く~にゃん雑記帳

音楽やスポーツの感動、愉快なお話などを綴ります。旅や花の写真、お祭り、ピーターラビットの「く~にゃん物語」などもあるよ。

<ドウダンツツジ(灯台躑躅)>枝々に無数の可憐な小花 〝満天星〟とも

2013年04月17日 | 花の四季

【秋の燃えるような紅葉も圧巻】

 春たけなわ。この季節になると、スズランのような可憐な小花が印象的なドウダンツツジ(単に「ドウダン」とも)が生垣などで咲き誇る。漢字の「灯台躑躅」の〝灯台〟は分枝の形が油皿を載せる灯明台の脚に似ているところから。「とうだい」が訛っていつの間にか「どうだん」になったらしい。漢名の「満天星」は霊薬を作っているうちに誤ってこぼした霊水が木の枝に降り注ぎ、満天の星のように輝いたという故事に由来する。

 本州静岡以西の紀伊半島や四国、九州などの山地に分布する。明治時代から庭木として注目されてきたが、長く自生地が分からず、外来種ではないかと疑われた時期もあった。牧野富太郎博士らが1910年代になって高知県日高村の錦山で初めて自生種を発見した。ドウダンツツジは山地の岩場、中でも蛇紋岩という岩石が多い場所を好む。錦山も蛇紋岩地帯で、秋になると〝ドウダンモミジ〟で全山が真っ赤に染まるため、その名が付いたという。

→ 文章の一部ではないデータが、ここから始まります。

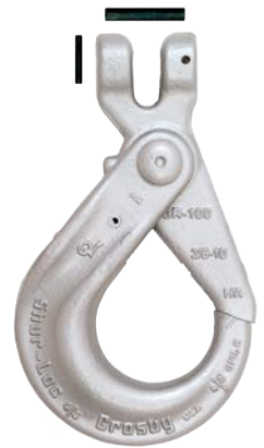
S-1317 Gancho Quijada

 ツツジ科だがツツジ属とは異なるドウダンツツジ属に分類され、日本など東アジアやヒマラヤ地方に約10種ある。ドウダンツツジは花が白く、花の先がつぼまった壷形。これに対しサラサ(更紗)ドウダンやベニドウダンなどは紅色で、先がつぼまらない釣鐘形。サラサドウダンは「フウリンツツジ」という別名を持つ。変種にヒロハドウダンやチチブドウダン、ツクシドウダン、カイナンサラサドウダン、ベニサラサドウダンなどがある。

 静岡県島田市の「どうだん原」には8000本を超えるドウダンツツジが群生し、「市の花」にもなっている。4月21日には春のどうだんまつりが開かれる。岐阜県中津川市は恵那山系に多いサラサドウダンを市の花としている。ドウダンツツジを町花とする鳥取県智頭町は5月17~19日に智頭どうだんまつりを開催、〝どうだん娘〟の写真撮影会などを予定している。長野県小海町の松原湖高原には4600本のサラサドウダンが群生、県の天然記念物になっている。見頃は6月中~下旬。

 ドウダンツツジといえば比較的背の低い生垣を連想しがちだが、大木も少なくない。兵庫県豊岡市但東町の安国寺には高さ・幅ともに10mにも達する樹齢150年の名木がある。とりわけ秋の紅葉が有名で、多くの観光客やカメラマンでにぎわう。金沢市・妙法寺のドウダンツツジは樹齢400年以上ともいわれ、市指定の天然記念物。さいたま市・正圓寺のドウダンツツジも高さが4mほどあり、市の天然記念物に指定されている。「雲ひくし満天星に雨よほそく降れ」(水原秋桜子)。